Taking the IQA a step further, earlier this year the Institute for Trade Standards and Sustainable Development (ITSSD) filed FOIA requests regarding the science underpinning the EPA’s 2009 greenhouse gas endangerment findings—identifying six greenhouse gasses as posing a risk of endangerment to public health and welfare within the meaning of the Clean Air Act. The requests were filed with the EPA and the U.S. government’s lead climate science agency: the Department of Commerce’s National Oceanic and Atmospheric Administration.
An ITSSD press release states: “The objective of the FOIA requests has been to secure disclosure of government records substantiating each agency’s compliance with the provisions of the U.S. Information Quality Act.” ITSSD asserts that, based on its research, the required “peer review science process has likely been compromised on conflict of interest, independence/bias, peer review panel balance, and transparency grounds.” Additionally, the ITSSD press release claims that peer review comments regarding scientific uncertainties were ignored.
ITSSD believes that the EPA’s endangerment ruling—which has triggered costly and burdensome greenhouse gas emissions control regulations and proposed performance standards that would restrict new fossil fuel-based energy generation facilities—is based on bad science and is seeking records regarding the climate science-related peer review processes.

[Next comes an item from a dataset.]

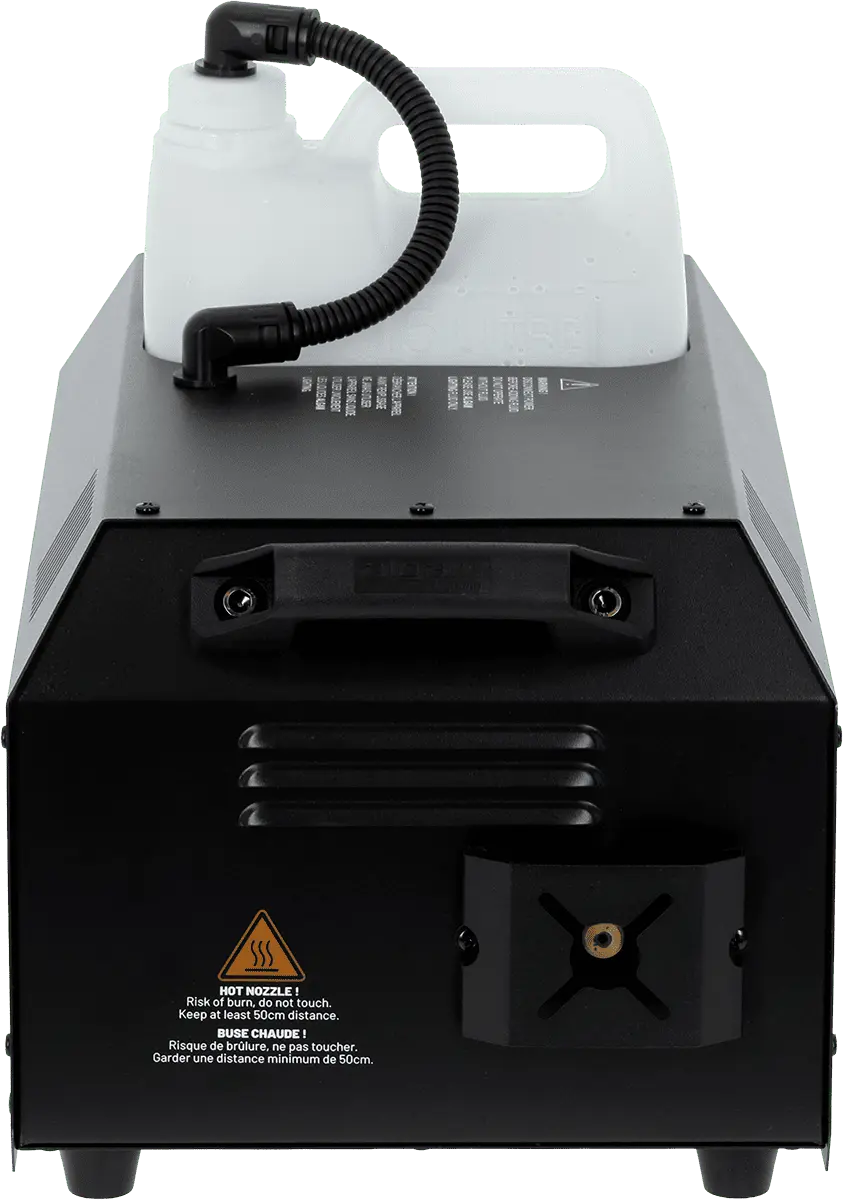 The S2000 by Algam Lighting stands out for its ability to produce a large volume of dense, uniform smoke, ideal for enhancing your lighting effects and creating an immersive atmosphere. Its 1500 W heating element, ready in just 5 minutes, guarantees quick start-up. With an output of 850 m³/min and a jet reaching 6 meters, it meets the needs of large stages, outdoor events, or fixed installations. Its maximum jet duration of 30 seconds delivers strong effects, with the integrated shut-off valve allowing precise control of the projection to match each sequence.

Requests for information are being stonewalled, in part, by denying the customary fee waiver requests generally allowed for nonprofit organizations engaged in public education. (ITSSD is a 501(c)(3) organization with the mission of educating the public about the legal and economic consequences of environmental health and safety rules premised on the post-modern concept of sustainable development.)
In a Politico story on “President Obama’s muddy transparency record,” Katherine Meyer (photo), a Washington lawyer who’s been filing FOIA cases since 1978, is quoted as saying: “Obama’s is the sixth administration that’s been in office since I’ve been doing Freedom of Information Act work. … It’s kind of shocking to me to say this, but of the six, this administration is the worst on FOIA issues. The worst. There’s just no question about it. This administration is raising one barrier after another. … It’s gotten to the point where I’m stunned—I’m really stunned.”

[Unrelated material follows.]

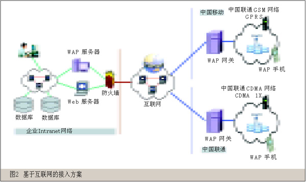 如圖2所示,本方案適用于已經(jīng)有基于互聯(lián)網(wǎng)架構(gòu)Web應(yīng)用部署的中小型企業(yè),企業(yè)只需在安裝Web服務(wù)器的位置再設(shè)置一臺(tái)WAP服務(wù)器即可(為了節(jié)約成本,WAP服務(wù)器甚至可以直接部署在Web服務(wù)器上),并不需要改變現(xiàn)有網(wǎng)絡(luò)的拓?fù)浣Y(jié)構(gòu),也不用關(guān)心用戶的連接方式,企業(yè)并不參與中國(guó)移動(dòng)(中國(guó)聯(lián)通)內(nèi)部數(shù)據(jù)網(wǎng)絡(luò)與互聯(lián)網(wǎng)的網(wǎng)絡(luò)聯(lián)接,具有投資省、部署快、易維護(hù)的特點(diǎn)。網(wǎng)絡(luò)安全性依賴于與互聯(lián)網(wǎng)相連的防火墻的可靠性,安全性能中等。

With knowledge of the way the most transparent administration in history operates, one can reasonably conclude that ITSSD’s FOIA requests are being slow walked because it has hit upon an area of vulnerability that the Administration would rather keep hidden. The requested documents would likely require a reexamination of the EPA’s greenhouse gas endangerment findings that would render them invalid.
The closer one looks, the clearer it becomes. The only thing transparent about the Obama Administration is its motives for hiding the truth. If everything it is covering up was exposed, myriad policies, mandates, and regulations would have to be reversed and the American people would be relieved.
Laws like the IQA were put into place to protect the public from a President who thinks he can rule by decree—with a pen and phone—rather than on sound science.